Maximum possible value of array elements that can be made based on given capacity conditions
Last Updated :
07 Oct, 2021
Given two arrays arr[] and cap[] both consisting of N positive integers such that the ith element cap[i] denotes the capacity of arr[i], the task is to find the maximum possible value of array elements that can be made such that it is allowed to decrease an array element arr[i] by some arbitrary value and increment any of its adjacent element by the same value if the final value of the adjacent element does not exceed its corresponding capacity.
Examples:
Input: arr[] = {2, 3}, cap[] = {5, 6}
Output: 5
Explanation:
Following operations are performed to maximize value of any element in arr[]:
Operation 1: Decrease arr[0] by 2 and increase arr[1] by 2. Now arr[] = {0, 5}.
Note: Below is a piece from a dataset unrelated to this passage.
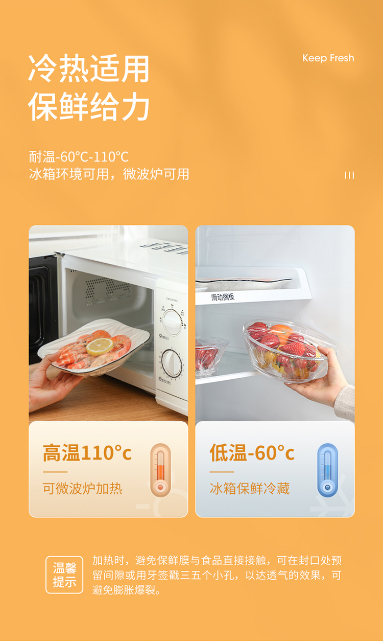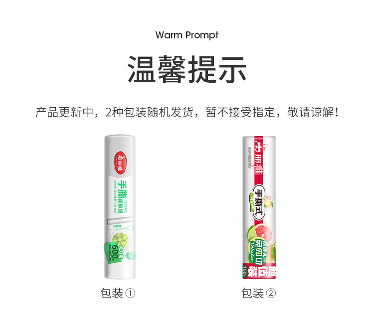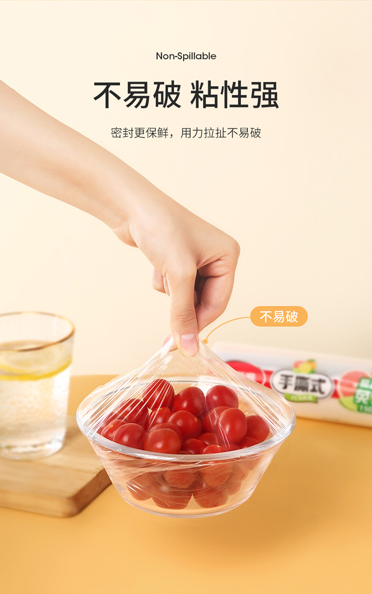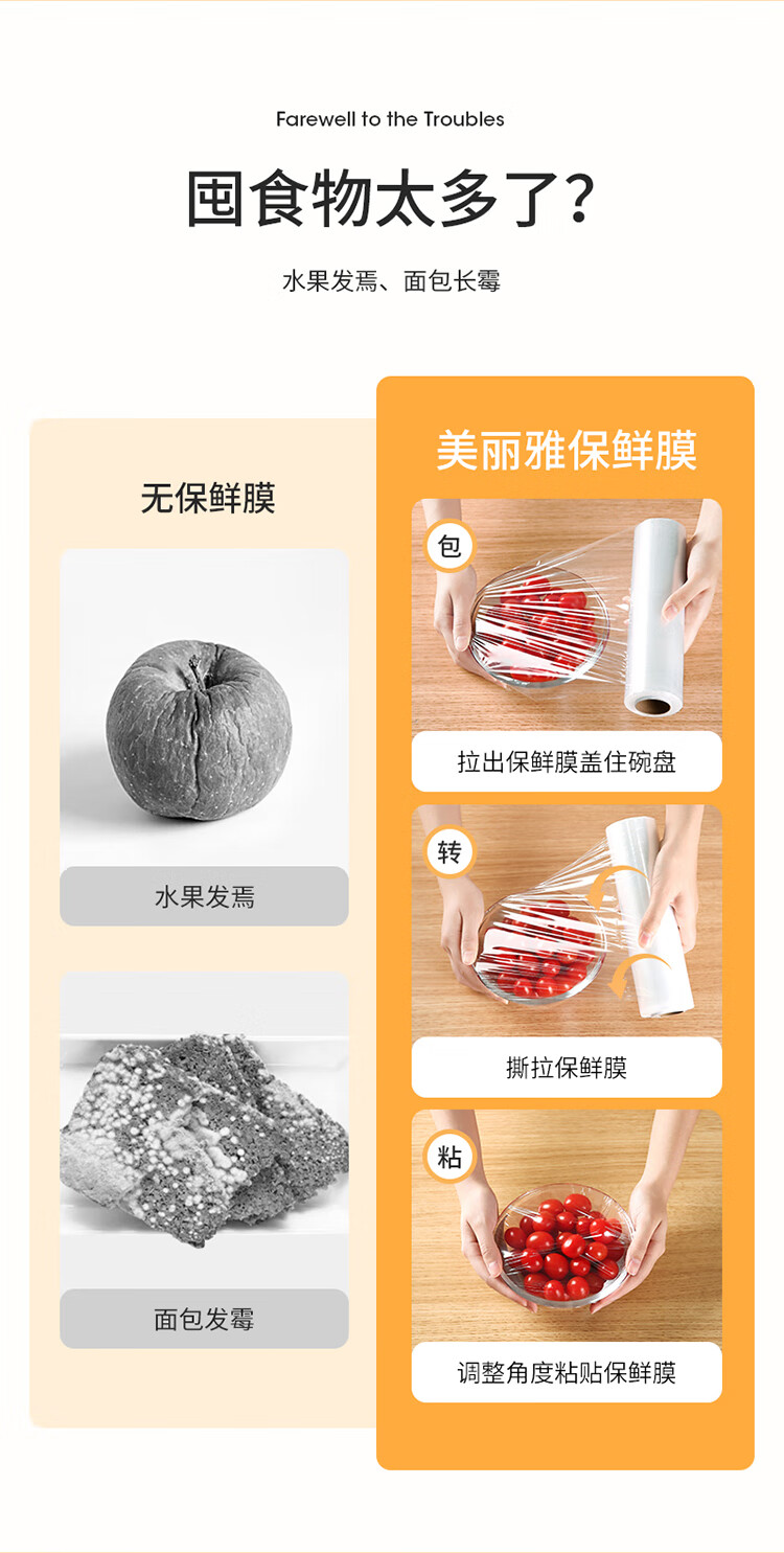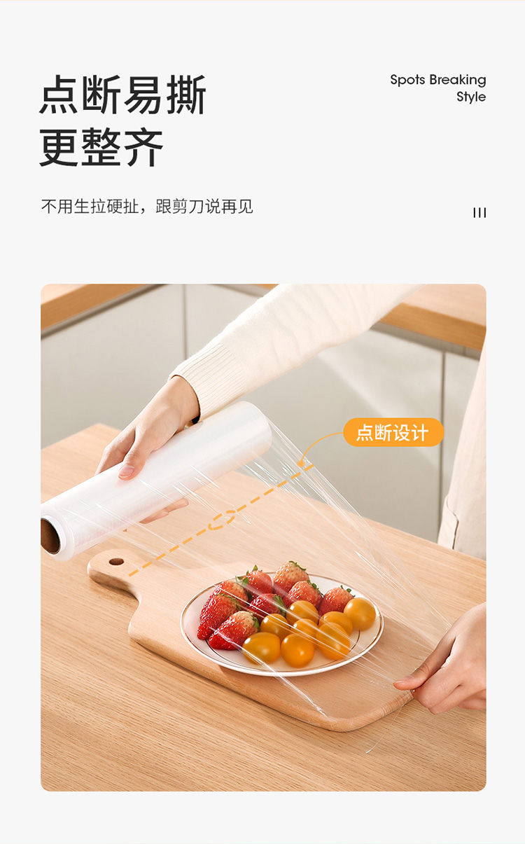 美丽雅 耐高温保鲜膜食品用 微波炉冰箱适用 中号断点式25cm*150米

Therefore, the maximum element in arr[] is 5.
Input: arr[] = {1, 2, 1}, cap[] = {2, 3, 2}
Output: 3
Approach: The given problem can be solved by using the Greedy Approach which is based on the observation that after performing any number of operations the maximum value cannot exceed the maximum capacity in cap[]. Therefore the answer will be min(sum of all array elements, maximum capacity in cap[]).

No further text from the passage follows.